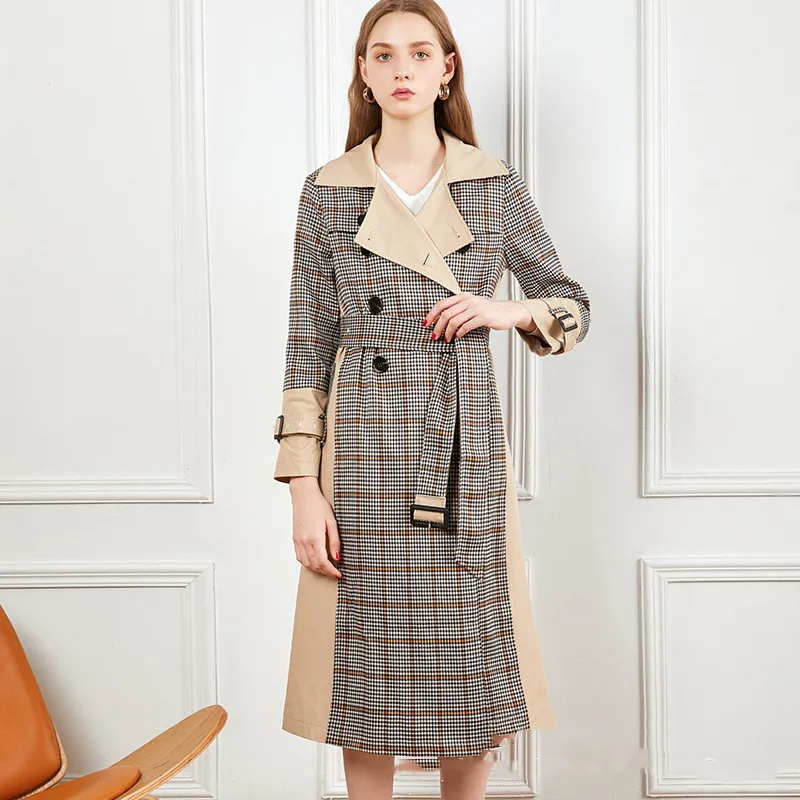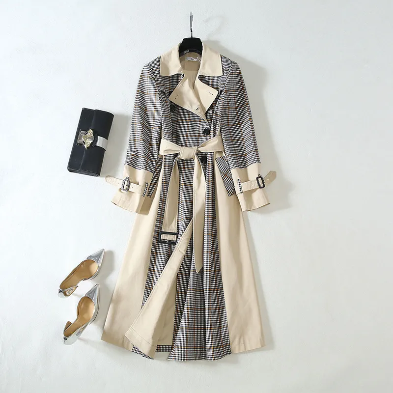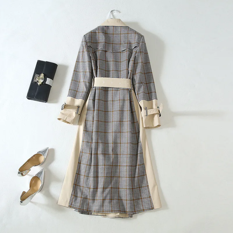 Key Features of the Checked Stitching Lace-Up Waist Long Trench Coat:
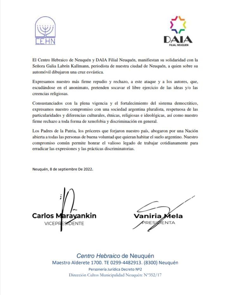 También el Centro Hebraico de Neuquén y DAIA Filial Neuquén manifestaron su solidaridad con la periodista de esta ciudad. “Expresamos nuestro más firme repudio y rechazo a este ataque, y a los autores, que, escudándose en el anonimato pretenden socavar el libre ejercicio de las ideas y/o las creencias religiosas”, expresaron en un comunicado.
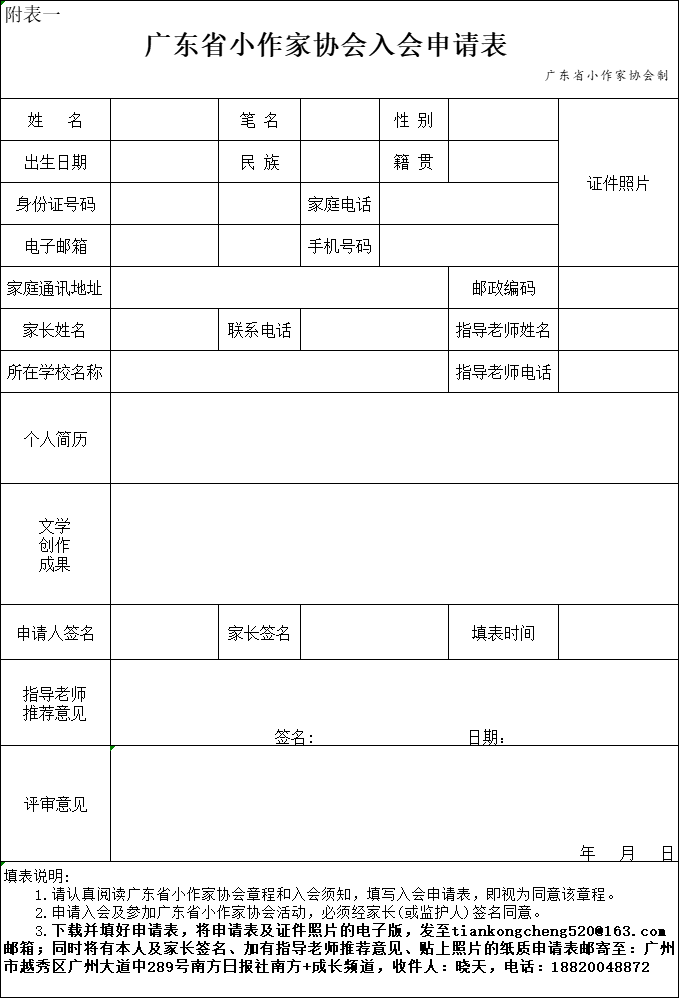附件: 广东省小作者协会入会肯求表
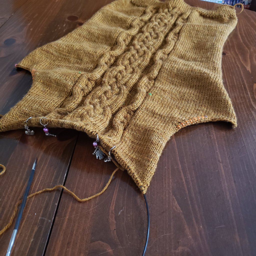 When a knitting palette cleanser is needed, “Husbando’s 2023 Sweater” (ravelry link) has been filling in wonderfully.
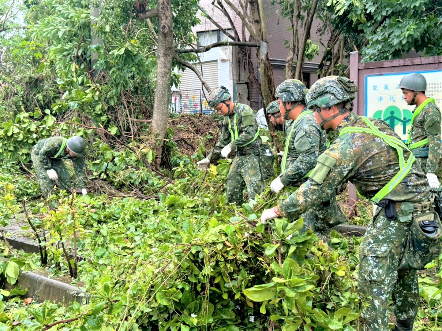 南測中心指揮官邱之峯少將表示,年度漢光演習實兵演練在即,該中心除專注於戰訓本務外,也不忘苦民所苦,派遣部分兵力前往嘉義縣、市多處災區,支援傾倒路樹清除及大型廢棄物搬運作業,希望在最短時間內,期迅速恢復道路通行與市容整潔及校園正常運作。
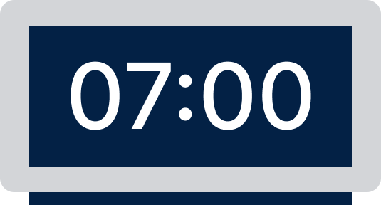 Rita is ready to eat breakfast. The digital watch shows 7:00.
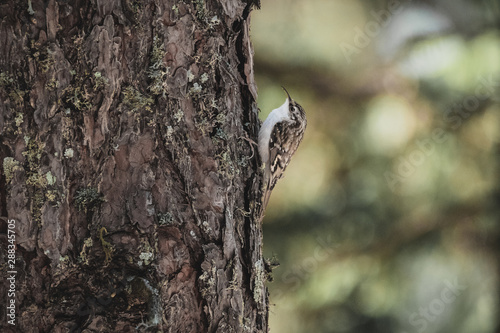 Obraz premium Waldbaumläufer auf Nahrungssuche auf Fichtenbaum
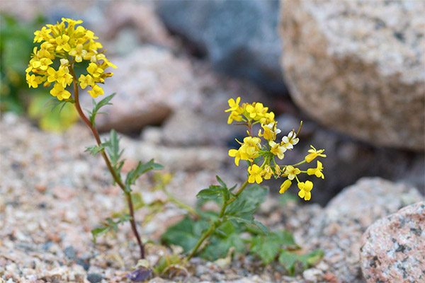 - Kamennaya es diferencia dels seus parents en un creixement reduït: només 20-30 cm i una floració lleugerament posterior, que comença al juny i dura fins a octubre. És aquest tipus de colza com el més decoratiu que es pot observar als jardins: alguns jardiners l’utilitzen com a planta de fons.
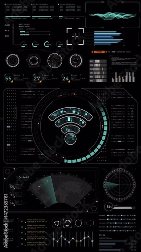 Motion graphic of blue digital wifi logo with head up display (hud ui) panel and futuristic technoloWall mural
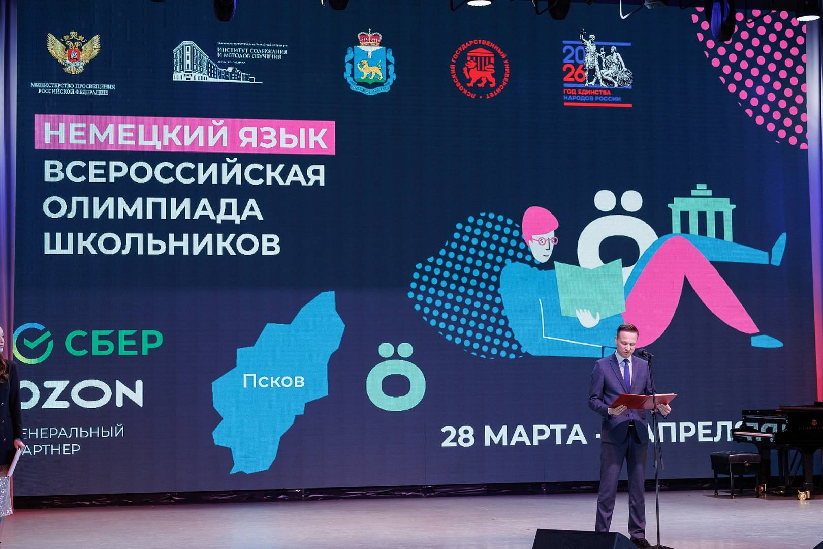 Александр Сорокин передал участникам поздравления губернатора Псковской области Михаила Ведерникова. Глава региона в приветственном слове к финалистам отметил, что ребята не просто соревновались в знании немецкого языка, но и продемонстрировали глубокое понимание культуры, истории и межкультурного диалога, а также назвал путь от школьного этапа олимпиады до финала большим достижением, требующим упорства, терпения и стремления к знаниям.

TRY IT:
Nothing but the lines from the start of the records through the line holding "Motion graphic of" should be printed, exactly as written and with the pictures left out.

TASK RESULT:
 Key Features of the Checked Stitching Lace-Up Waist Long Trench Coat:
 También el Centro Hebraico de Neuquén y DAIA Filial Neuquén manifestaron su solidaridad con la periodista de esta ciudad. “Expresamos nuestro más firme repudio y rechazo a este ataque, y a los autores, que, escudándose en el anonimato pretenden socavar el libre ejercicio de las ideas y/o las creencias religiosas”, expresaron en un comunicado.
附件: 广东省小作者协会入会肯求表
 When a knitting palette cleanser is needed, “Husbando’s 2023 Sweater” (ravelry link) has been filling in wonderfully.
 南測中心指揮官邱之峯少將表示,年度漢光演習實兵演練在即,該中心除專注於戰訓本務外,也不忘苦民所苦,派遣部分兵力前往嘉義縣、市多處災區,支援傾倒路樹清除及大型廢棄物搬運作業,希望在最短時間內,期迅速恢復道路通行與市容整潔及校園正常運作。
 Rita is ready to eat breakfast. The digital watch shows 7:00.
 Obraz premium Waldbaumläufer auf Nahrungssuche auf Fichtenbaum
 - Kamennaya es diferencia dels seus parents en un creixement reduït: només 20-30 cm i una floració lleugerament posterior, que comença al juny i dura fins a octubre. És aquest tipus de colza com el més decoratiu que es pot observar als jardins: alguns jardiners l’utilitzen com a planta de fons.
 Motion graphic of blue digital wifi logo with head up display (hud ui) panel and futuristic technoloWall mural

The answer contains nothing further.